Friday, December 15, 2023

Hong Kong offers rewards for anyone who finds campaigners for democracy

 Hong Kong police increased their controversial use of bounties to pursue pro-democracy activists in the name of national security by offering 128,000 HK$ in rewards for information on five dissidents living abroad.

In a briefing on Thursday, Li Kwai-wah, chief superintendent of the police's national security department, stated, "All of them, who have already fled overseas, have continued to commit offenses under the national security law that seriously endanger national security."

Li stated that the alleged offenses include conspiring with foreign forces to threaten national security and inciting secession and subversion. Li claimed that the five, which included well-known activists Simon Cheng, Frances Hui, and Joey Siu, betrayed their nation by calling for sanctions against officials from Hong Kong.

The bounties will probably add to worries that a crackdown on privileges under the China-forced security regulation is lessening Hong Kong's law and order, which for quite a long time has been an essential mainstay of its remaining as a worldwide monetary focus. Due to these concerns, the UK previously removed its top judges from the city's Court of Final Appeal.

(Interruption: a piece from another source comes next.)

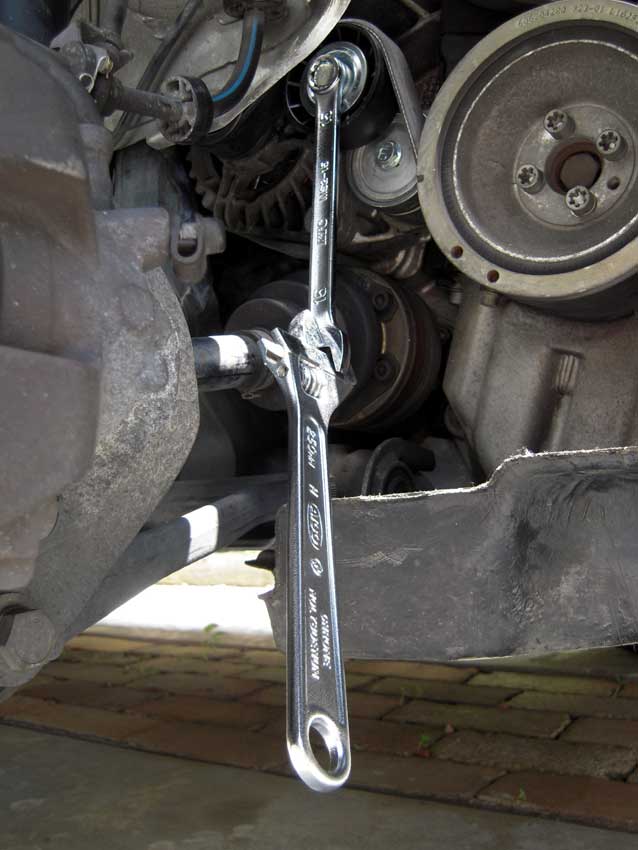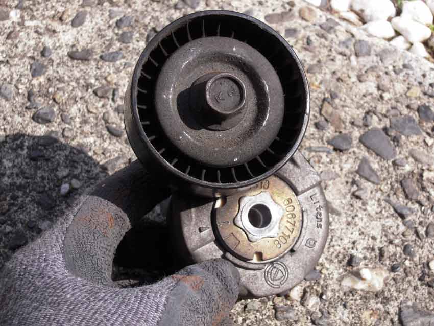 理由はお店に行った時に担当のM口さんがお休みで、当日対応してくれたE籐さんの仕事っぷりがダメダメで話にならなかったからですが、よせばいいのに「この人でも大丈夫だろう」という私の甘い考えが原因で時間を無駄にしてしまったと言うことですわ。 ジュリア乗りの箱男さんからも「お店じゃなくて、やっぱり人ですよ」と深いぃ~格言を頂いたり、色々と勉強になりました。 アレーゼ○松へ修理に出す際は、信頼のおけるスタッフに直接お話することを強くオススメします。 と言うわけで、信頼のおけるスプリントの大石さんに相談すると色々とアドバイスをもらったので、自分で出来る範囲のことはやってみようと現状を確認することにしました。まずはベルトの張り具合をチェックするためカバーを外します。 ベルトを手で押してみるとテンションが緩めで、ロドスタの倍くらいのイメージ。 次に右フロントのタイヤを外しホイールハウスのカバーを外すとクランクプーリーとベルトが見えます。 クランクとオルタネーター(発電機)の間にベルトがかかっているのがテンショナー。 よく見ると目盛りがが付いていたので、センターのボルトを緩めて張り具合を調整できるかと思ったら固定出来ず…。中にスプリングが仕込まれていて一定のテンションをかける仕組みのようです。 試しにベルトを押したり引っ張ったりしてみると、テンショナーがフリーに動きます。へぇ~、こんな機構なんだ。 念のためオルタとエアコンコンプレッサー、パワステポンプの取り付け部を確認してみたけど固定タイプで、調整できそうにない。 こうなると音の原因はベルトが伸びて適正値を超えてしまっている可能性もあるけど、ベルトは新品交換後3年35000kmだし、おそらくテンショナーの寿命かな? とりあえず音の原因がベルトのすべりか確認するため、ジャンボエンチョーで「ベルト鳴き止めスプレー」を買ってきました。 明日始動してみて効果を確認します。 今日は久々に156のオイル交換。前回交換したのは2012年6月で走行距離は83500kmの時。現在の走行距離は93000kmなので、またもや予定より引っ張ってしまいました(汗

Hong Kong is confronting a few difficulties to keeping up with its place as a worldwide center, part of the way because of China fixing its political hold. This week, financial policymakers from China are meeting with bankers in the city to find ways to make it more of an investment, deal, and talent hub.

When asked about the most recent bounty offers, Matthew Miller, a spokesman for the US State Department, told reporters in Washington that "we strongly condemn the egregious actions taken by Hong Kong authorities in announcing national security law changes and a new bounty list targeting democracy advocates overseas." Miller was referring to the bounty offers that had recently been made. That demonstrates flagrant disregard for democracy, human rights, and international standards."

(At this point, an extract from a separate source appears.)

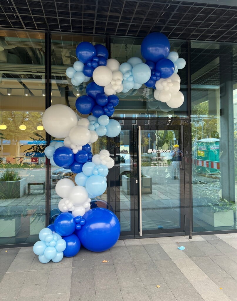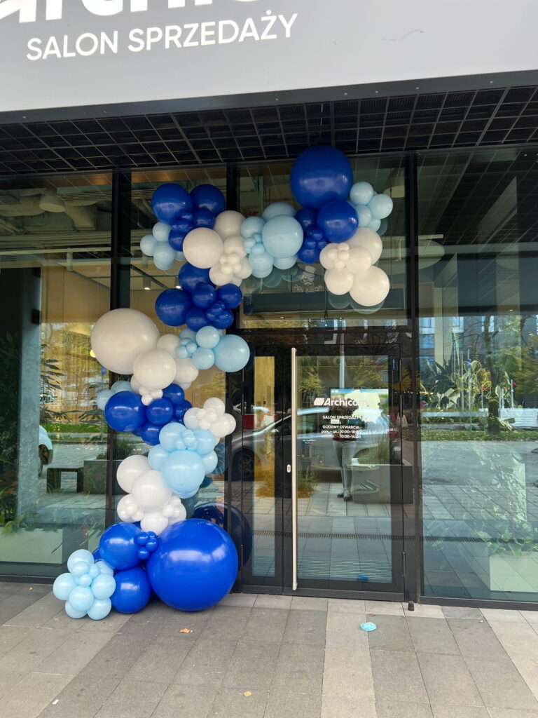 W ramach realizacji wykonaliśmy girlandę organiczną zamontowaną przy wejściu do salonu sprzedaży. Kompozycja została przygotowana z balonów w firmowych kolorach klienta – odcieniach niebieskiego i bieli – dzięki czemu dekoracja była spójna z identyfikacją wizualną marki. Tego typu girlanda balonowa jest często wykorzystywana jako dekoracja strefy wejściowej podczas wydarzeń promocyjnych, ponieważ skutecznie podkreśla wejście do lokalu i stanowi czytelny element dekoracyjny.

The security law "has extraterritorial effect," according to a statement released on Thursday by the Security Bureau of Hong Kong, so "the police have the responsibility to pursue those who have allegedly committed offenses" outside of the city.

Eight overseas democracy activists received similar HK$1 million bounties in July. The move promptly attracted analysis from authorities the US, UK and Australia as an assault on the right to speak freely of discourse and a vote based system.

Back then, Hong Kong Chief Executive John Lee stated that the activists "will be pursued for life" and urged the eight's loved ones to inform the police.

Individuals Hong Kong has put bounties on are probably not going to at any point get back to the city, making their possibility of capture an in the area near nothing. The individuals could be handed over to other jurisdictions by Hong Kong authorities.

People in Britain named in a Hong Kong national security case have been warned by the UK not to travel to countries that have extradition agreements with the Chinese territory.

China has been accused of putting pressure on Turkey to deport Uyghurs to China, and Thailand has previously caved in to Communist Party pressure to do so. Additionally, it appears that foreigners have been kidnapped by Chinese authorities. Gui Minhai, a bookseller from Hong Kong, was kidnapped in 2015 from his home in Thailand before reappearing in China.

Agnes Chow, an activist, declared earlier this month that she will not be returning to Hong Kong, eliciting a strong response from authorities. Lee stated that Chow was "a liar" and "a hypocrite," and that such activists would be "pursued for life unless they turn themselves in," despite the fact that she was granted bail despite being accused of violating a national security law.

Chow, 27, additionally gave subtleties on the things she needed to accomplish for the Hong Kong's clandestine public safety police to get her visa back. She was taken on an escorted trip into mainland China, where she was recorded expressing her gratitude for the country's accomplishments under the Communist Party, writing statements of disapproval to the police, and expressing her appreciation for the country's achievements.

China slammed US lawmakers last month over a bill that could close Hong Kong's three economic and trade offices in the US if the city isn't given much autonomy from Beijing.

The Hong Kong Economic and Trade Office Certification Act, also known as the bill, could result in the city's US-based trade offices losing their exemptions and immunity or being closed down completely.